- **WORK INSTRUCTIONS**: Look through the listing below for the line with "完全使用氫氣目前還面臨諸多挑" and the line with "This red and". Copy both, along with every line between them, exactly and with no pictures.

DATA TO USE START

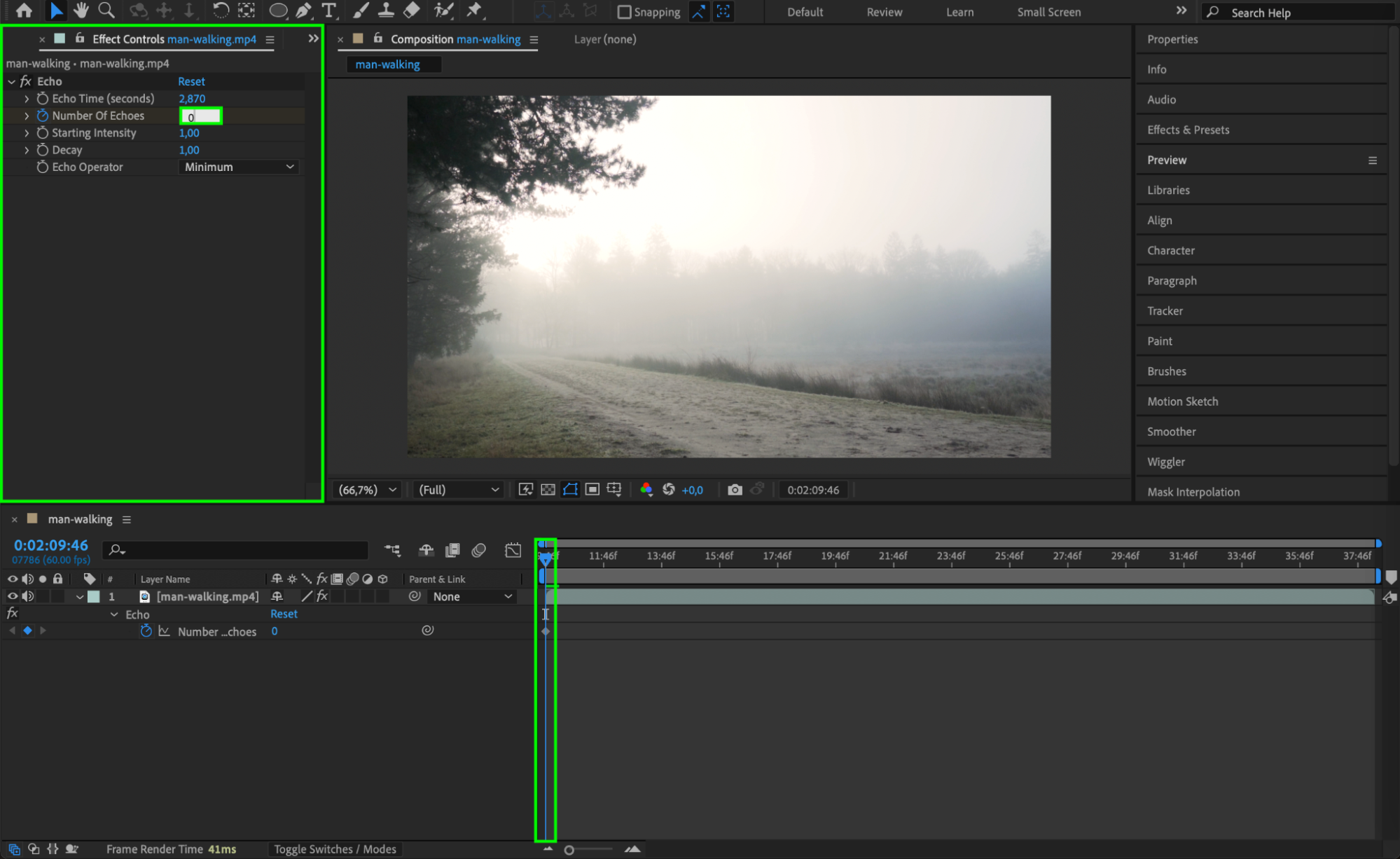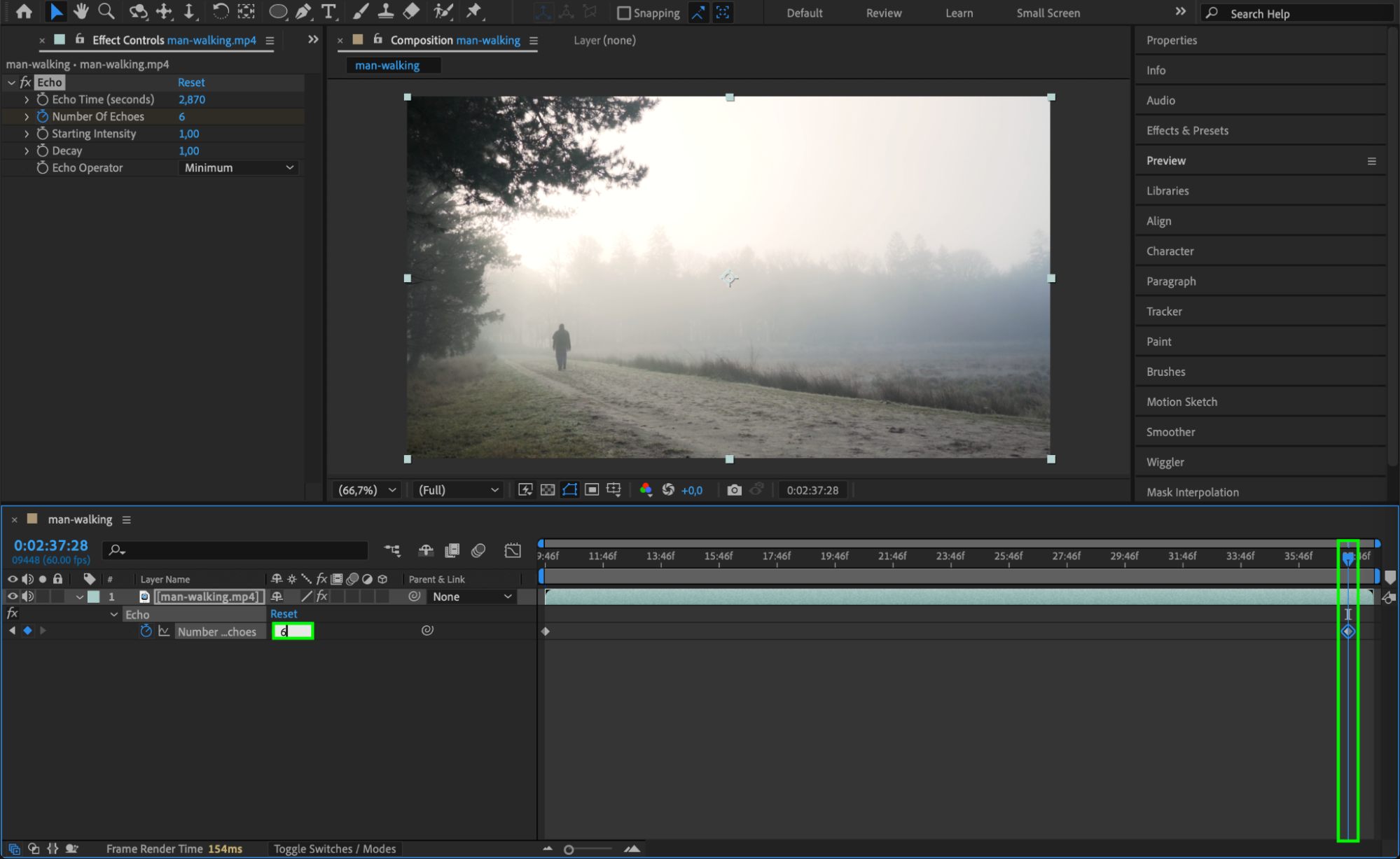 Now, animate the Number of Echoes over time to create a smooth transition.
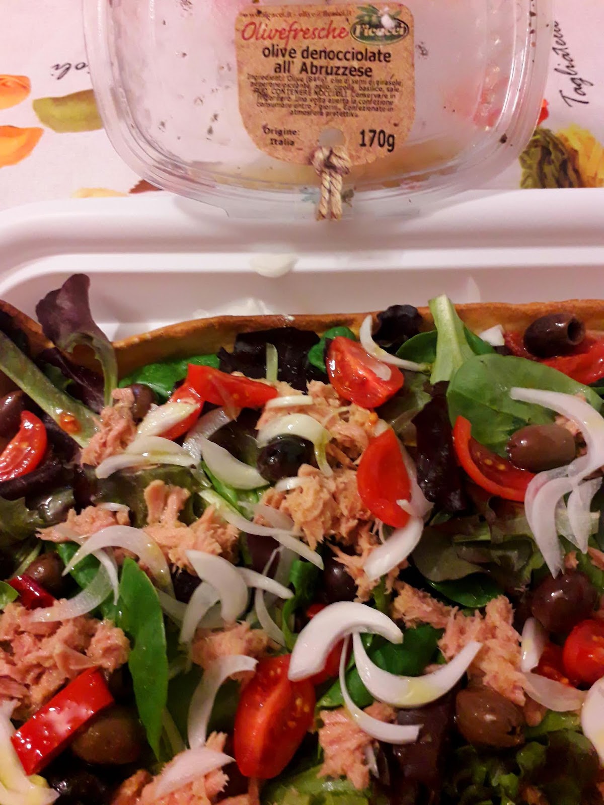 affettati,cipolla ,tonno , olive e olio a filo…..
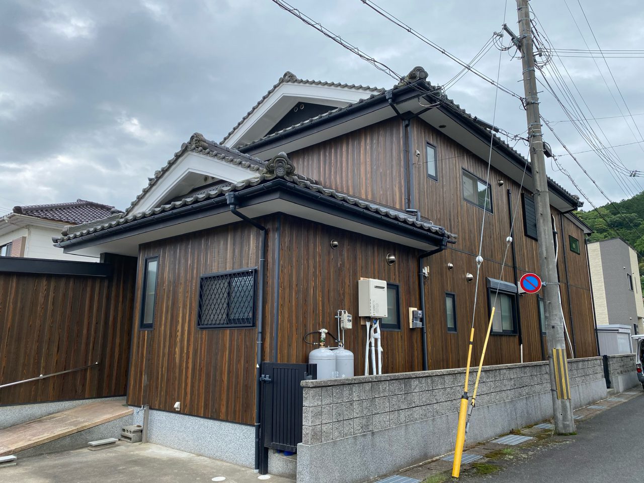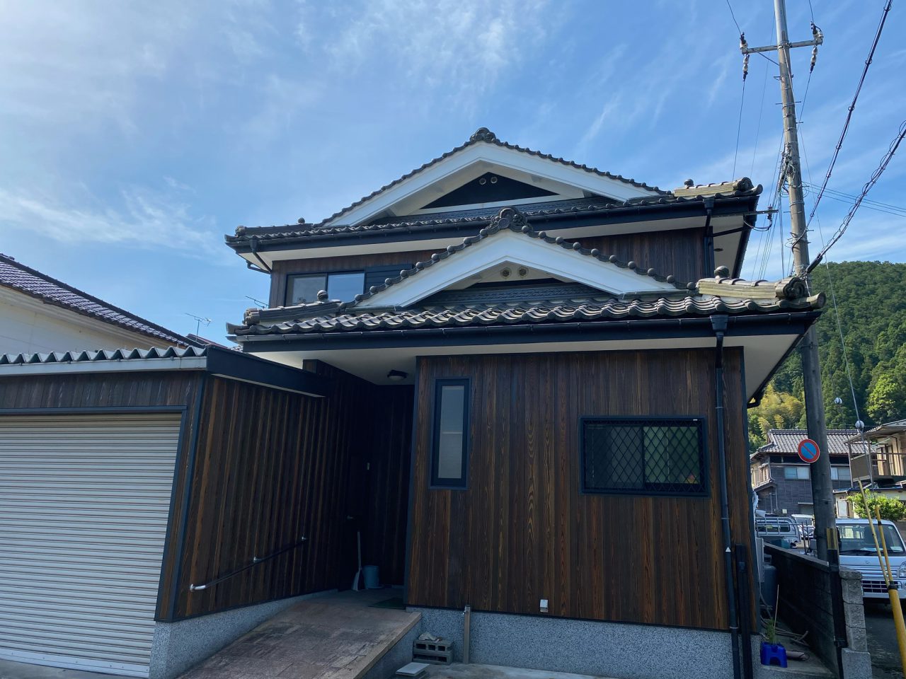 入母屋の和風のお家にはやっぱり焼き板がよく似合います✨
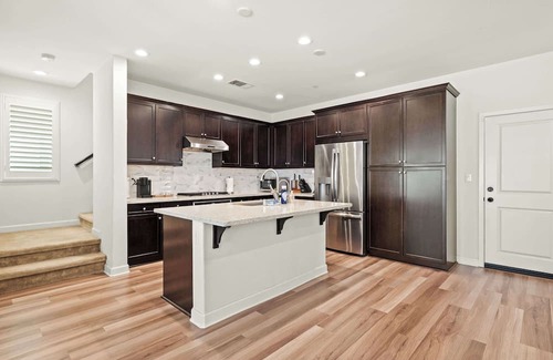 Create culinary magic in the sleek, fully equipped kitchen featuring marble backsplash, dark wood cabinetry, and stainless steel appliances. Whether it’s morning coffee or a full family dinner, everything you need is here.
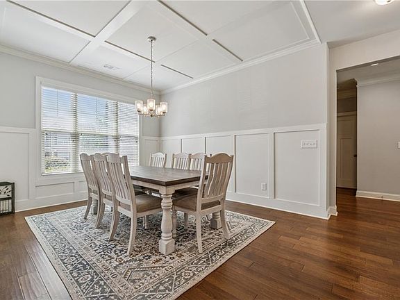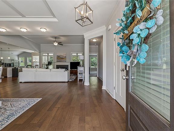 Welcome to this stunning ranch-style home in the highly sought-after Orchard at Mill Creek community, ideally located just minutes from I-85, Chateau Elan, and top-rated Mill Creek schools. This thoughtfully designed residence features 4 spacious bedrooms and 3.5 bathrooms, including a versatile upstairs loft with a full bath, perfect as a fourth bedroom, media room, or home office. The open-concept layout boasts a seamless flow from the elegant dining area with coffered ceilings to the spacious family room and gourmet kitchen. The kitchen showcases granite countertops, stainless steel appliances, a large island, and a cozy keeping room. This home is ideal for entertaining or relaxing with family. Hardwood floors extend throughout the main living areas, with plush carpet in the bedrooms and tile in all bathrooms. The oversized owner’s suite is tucked away for privacy and includes direct access to the covered back patio, a luxurious en-suite bath with double vanities, a tiled shower, soaking tub, and a generous walk-in closet. Two secondary bedrooms share a convenient Jack-and-Jill bathroom on the opposite side of the home. This home also features a stylish mudroom, laundry room with storage, and a side-entry two-car garage. Outside, enjoy the covered patio and level backyard, perfect for outdoor gatherings.
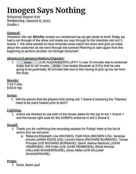 My team and I created reports after each rehearsal and performance to communicate with our creatives outside of the room on the discoveries and changes we made each day. Throughout my work, I've focused on the voice I use when writing notes to most effectively communicate. When reading back a note I've written, I anticipate what questions may arise and answer them clearly.
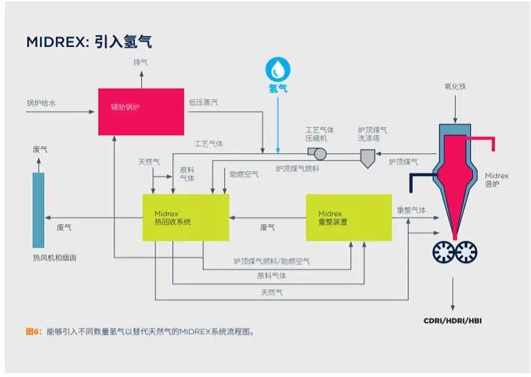 完全使用氫氣目前還面臨諸多挑戰(zhàn),因此部分使用氫氣也是一種替代方案。在MIDREX的設(shè)計(jì)方案中,氫氣占到還原劑的80%,其余氣體原料為天然氣,因此該設(shè)計(jì)方案下依然會(huì)有部分二氧化碳排出。本文一開頭所言的河鋼裝置,采用的就是部分氫氣的路線。
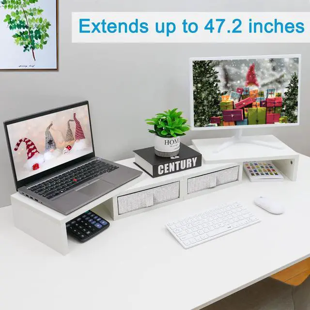 Dual Monitor Stand Riser with 2 Drawers - White Length and Angle Adjustable Monitor Stand with Storage Large Computer Monitor Stand for 2 Monitors/Laptop/PC, Wood Screen/TV Stand Desk Organizer
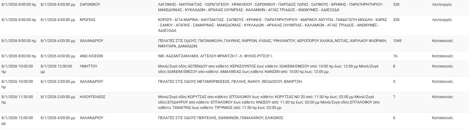 ΔΕΔΔΗΕ: Διακοπές ρεύματος σήμερα (8/1) στην Αθήνα και σε άλλες 10 περιοχές της Αττικής
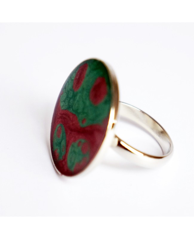 This red and green ring will have you in a spin! A unique, chic whirlwind is brewing thanks to this handmade fashion piece. The paint combines to make random whirlwind patterns, which means that each ring is unique and cannot be reproduced identically. If you are not yet convinced by this ring, you will be charmed by its price and adjustable size.
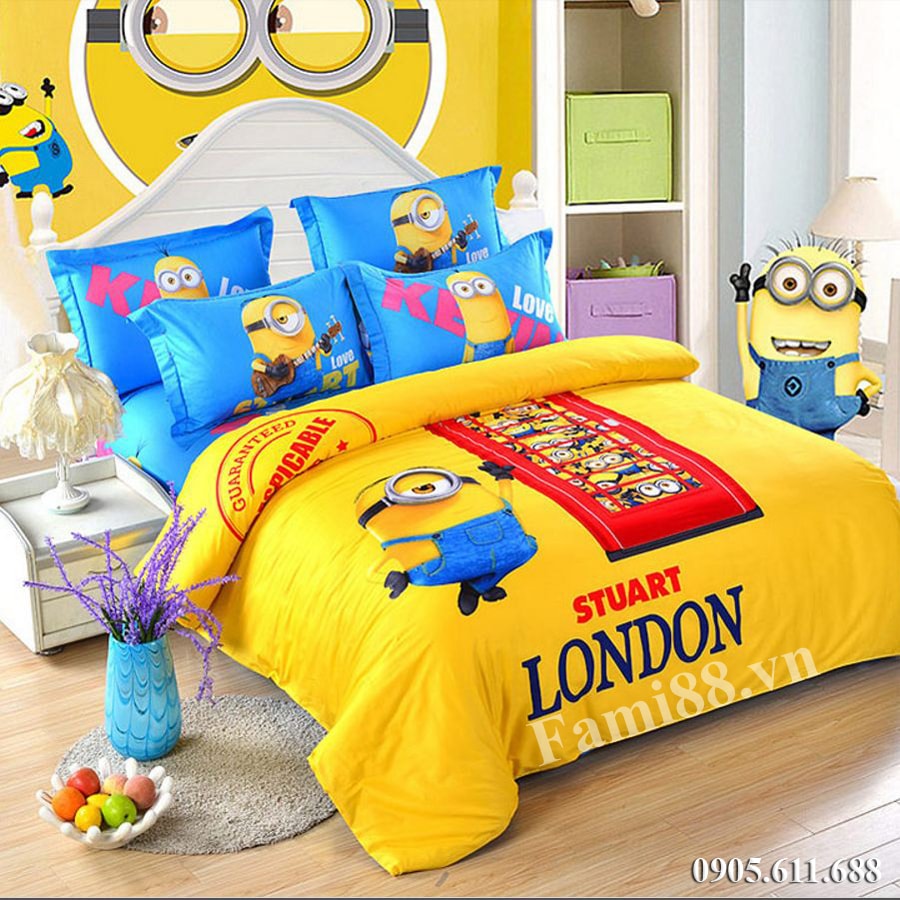 Nếu bạn có ý tưởng trang trí phòng ngủ cho bé yêu theo phong cách Minion, thì bộ chăn ga gối Minion là không thể thiếu trong căn phòng đó. Đối với các bé nhân vật Minion trong phim hoạt hình nổi tiếng Kẻ Cắp Mặt Trăng đã quá quen thuộc. Đặc biệt bộ chăn ga gối Minion là món quà vô giá dành cho các bé là fan hâm mộ Minion. Trên đây là mẫu chăn ga gối hình Minion London đáng yêu dành cho các bé để bố mẹ tham khảo. Ngoài việc chăm lo cho con ăn gì mặc gì thì các mẹ cũng đừng quên chăm sóc nhu cầu ngủ nghỉ của các con nhé.!
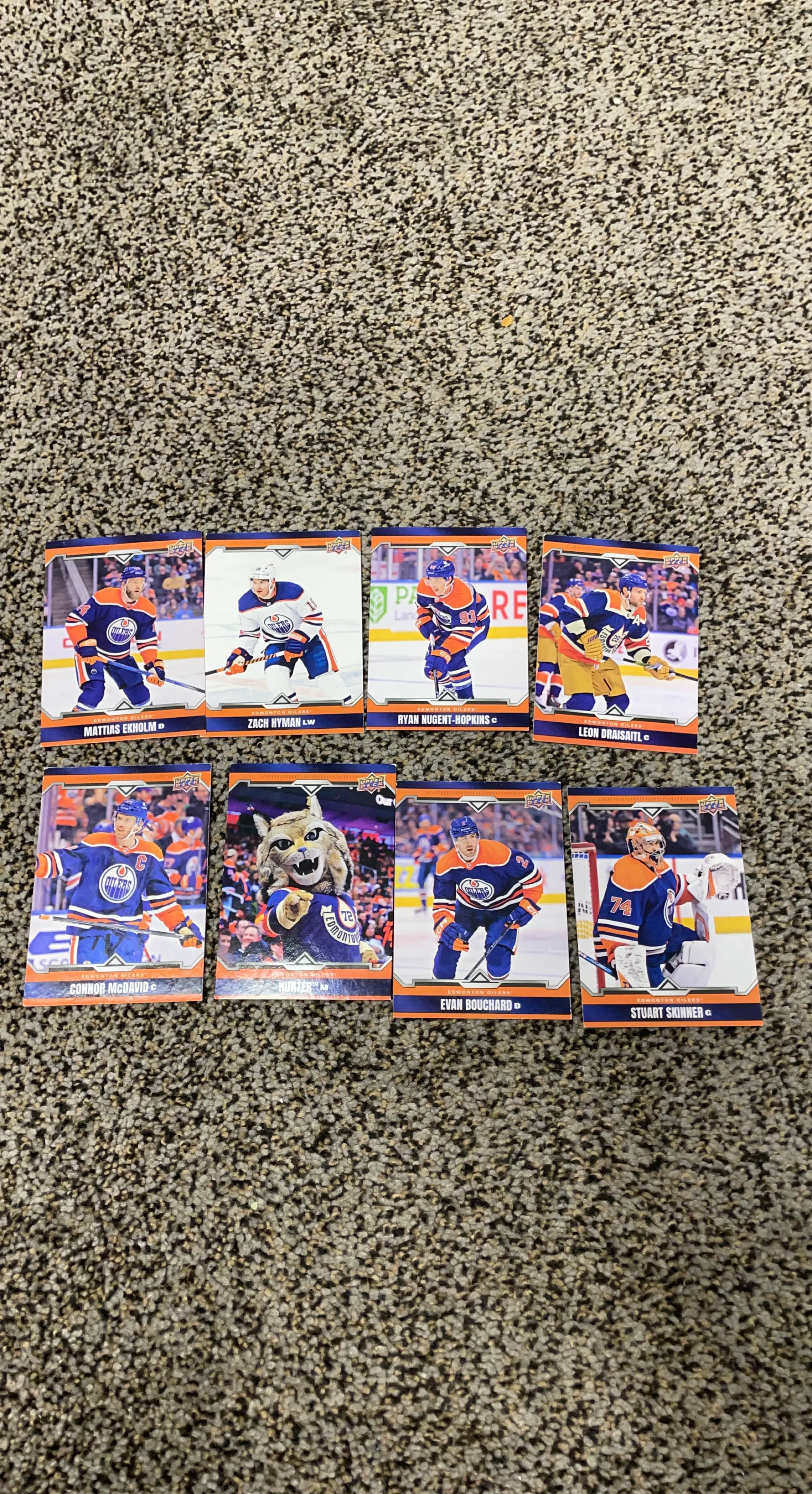 Collection of Upper Deck Edmonton Oilers hockey cards featuring players like Connor McDavid, Leon Draisaitl, and Stuart Skinner. Also includes a card of the team mascot, Hunter. Cards are standard trading card size.
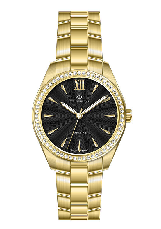 Pouzdro o průměru 32,50 mm je mistrovsky vyrobeno z nerezové oceli a povrchově upraveno ve zlatých tónech, což mu dodává vytříbený charakter. Je zdobený lesklými krystaly. Pevný náramek s bezpečnou a pohodlnou motýlkovou sponou harmonicky ladí s barvou pouzdra a tvoří tak ucelený celek. Černý ciferník hodinek s lineárními indexy, chráněný safírovým sklem odolným proti poškrábání, vyzařuje klasické kouzlo. Indexy a ocelové ručičky dokonale splývají s tmavým pozadím a dodávají hodinkám jedinečnou záři. Mechanismus ETA Swiss Made, umístěný pod číselníkem, zaručuje přesnost a spolehlivost chodu.
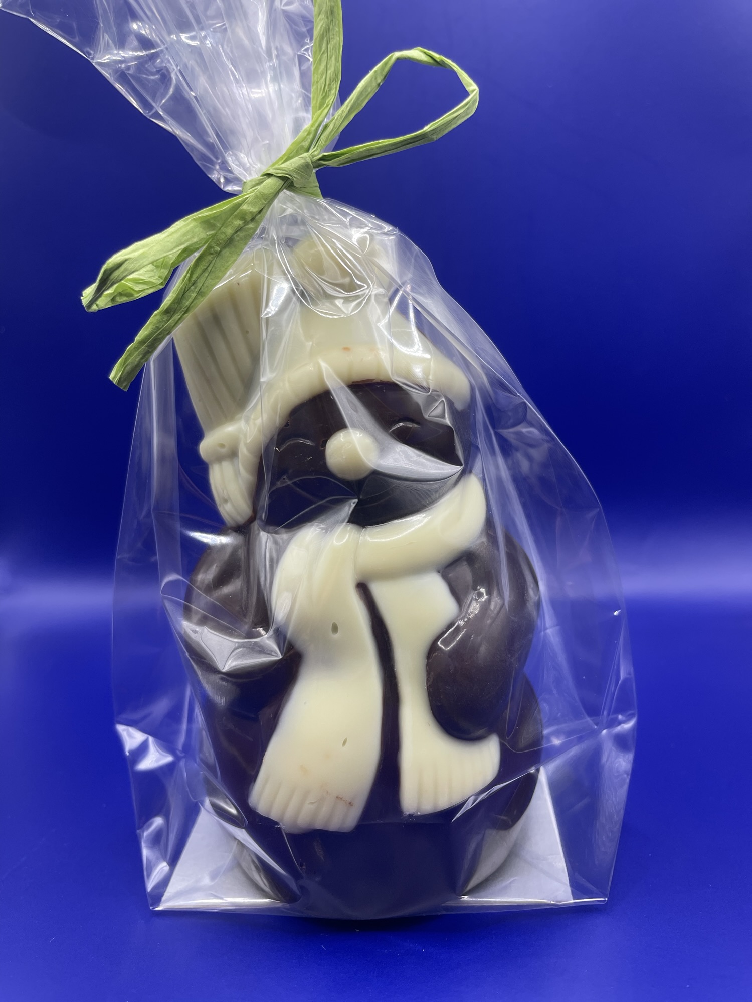 Bonhomme de neige en chocolat noir (70% cacao) ou en chocolat au lait (40% cacao), décoré de chocolat blanc (34% cacao), garni de fritures.

DATA TO USE END

- **YOUR SOLUTION**:
 完全使用氫氣目前還面臨諸多挑戰(zhàn),因此部分使用氫氣也是一種替代方案。在MIDREX的設(shè)計(jì)方案中,氫氣占到還原劑的80%,其余氣體原料為天然氣,因此該設(shè)計(jì)方案下依然會(huì)有部分二氧化碳排出。本文一開頭所言的河鋼裝置,采用的就是部分氫氣的路線。
 Dual Monitor Stand Riser with 2 Drawers - White Length and Angle Adjustable Monitor Stand with Storage Large Computer Monitor Stand for 2 Monitors/Laptop/PC, Wood Screen/TV Stand Desk Organizer
 ΔΕΔΔΗΕ: Διακοπές ρεύματος σήμερα (8/1) στην Αθήνα και σε άλλες 10 περιοχές της Αττικής
 This red and green ring will have you in a spin! A unique, chic whirlwind is brewing thanks to this handmade fashion piece. The paint combines to make random whirlwind patterns, which means that each ring is unique and cannot be reproduced identically. If you are not yet convinced by this ring, you will be charmed by its price and adjustable size.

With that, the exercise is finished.